- Born: Italy
- Citizenship: United States
- Occupation: Fashion designer
- Years active: 2004–present
- Era: 21st century
- Known for: Founder of "Cris" cashmere clothing line
- Notable work: Cashmere clothing line "Cris"
- Style: Contemporary and colorful cashmere fashion

= Cristiana Proietti =

American fashion designer

Cristiana Proietti is a designer based in Los Angeles, creator of the cashmere clothing line "Cris".

== Biography ==
Proietti was born and raised in Italy, and moved to North America in the late 80's.
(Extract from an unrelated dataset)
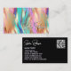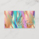 Eine Visitenkarte mit einem hübschen, farbenfrohen holografischen Design in Goldtönen, Rosa, lila und Blau.
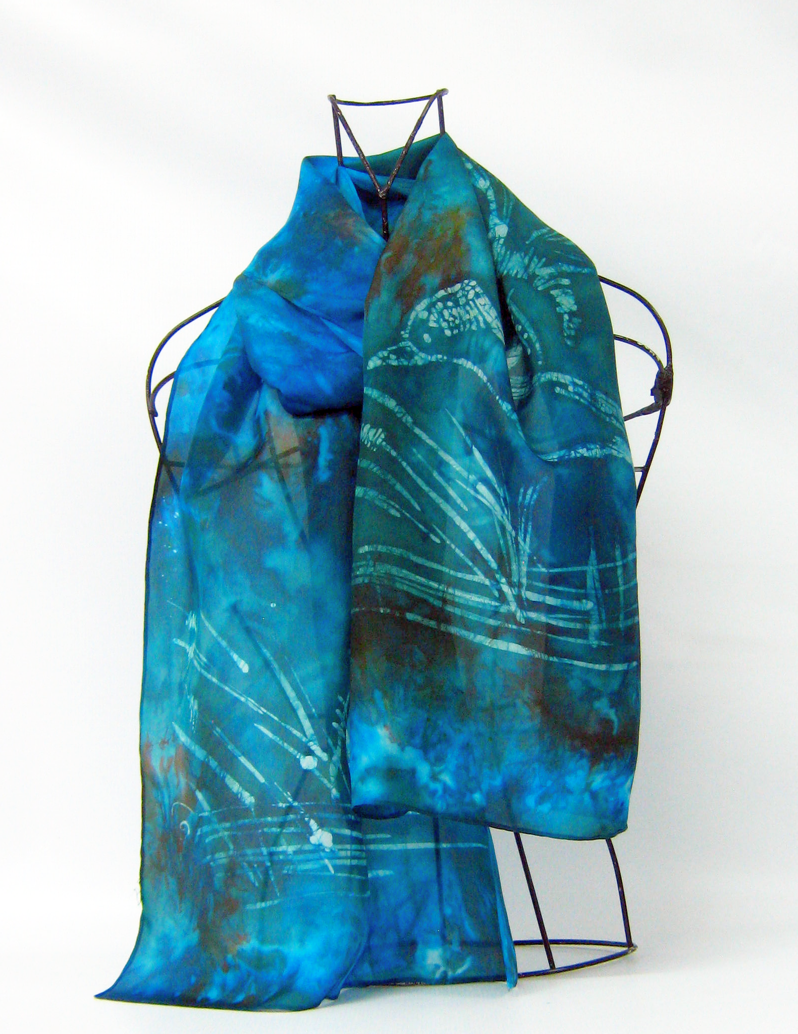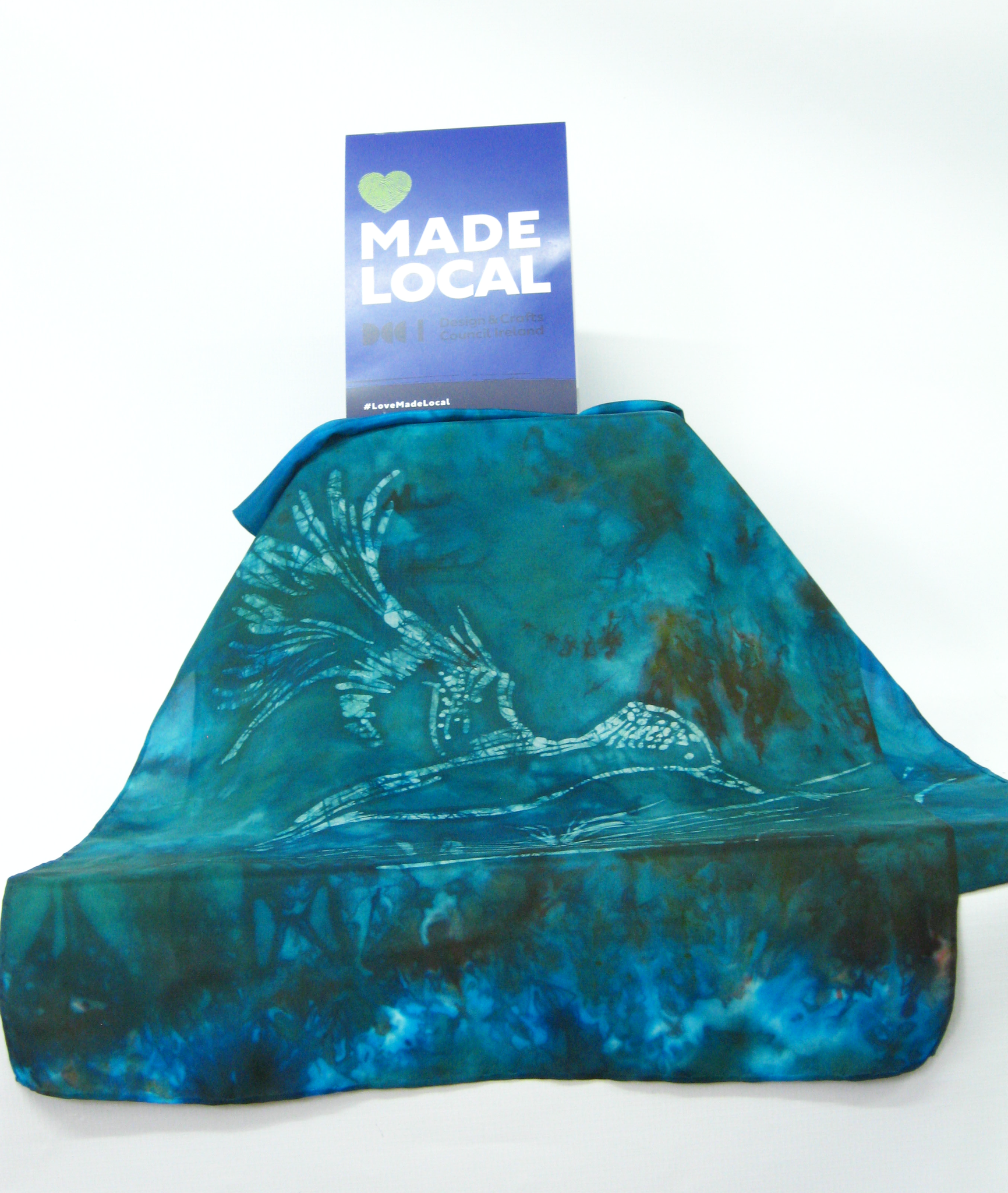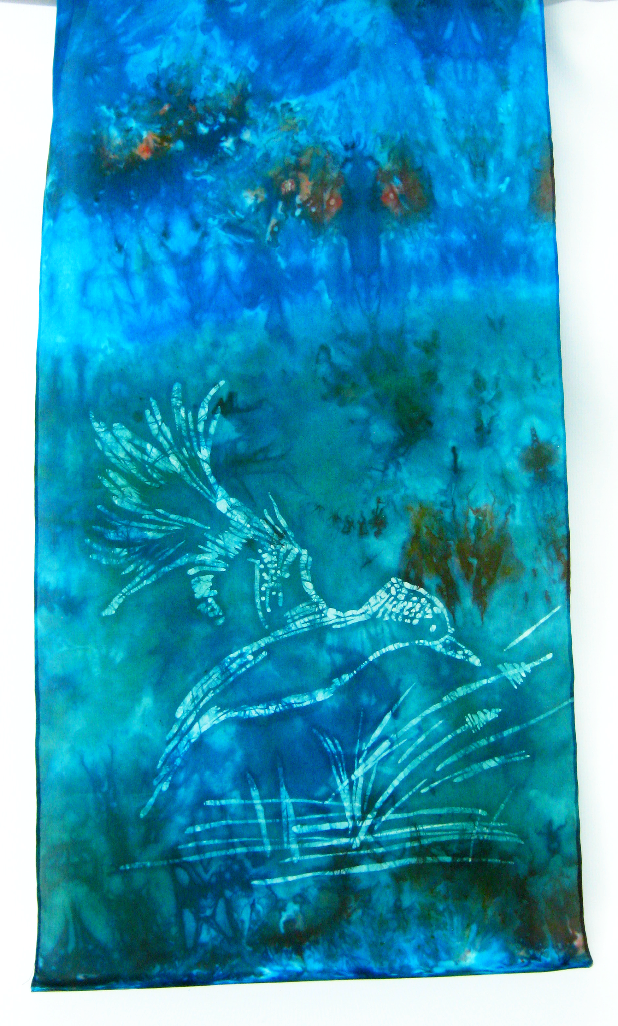 This silk scarf is hand painted in Ireland by Louise Loughman a delicate wax sketch of the Kingfisher in shades of dark teal green with bright turquoise with shades of chestnut.

After working as the head designer and design director for many public companies such as bebe, Guess, and Arden B. In 2003, Proietti founded the now defunct agency Cristiana Proietti Design Studio (CPDS), a Los Angeles creative service created to service the fashion industry needs in the fashion industry. She decided to develop and distribute her own line of colorful contemporary and sexy cashmere clothing. She debuted in New York City at the Fashion Coterie in 2004 and financed her own designs and distribution for "Cris" starting fall 2004. Cris was distributed at Barneys, Saks Fifth Avenue and Neiman Marcus in the USA, and at Harvey Nichold and Brown in the United Kingdom.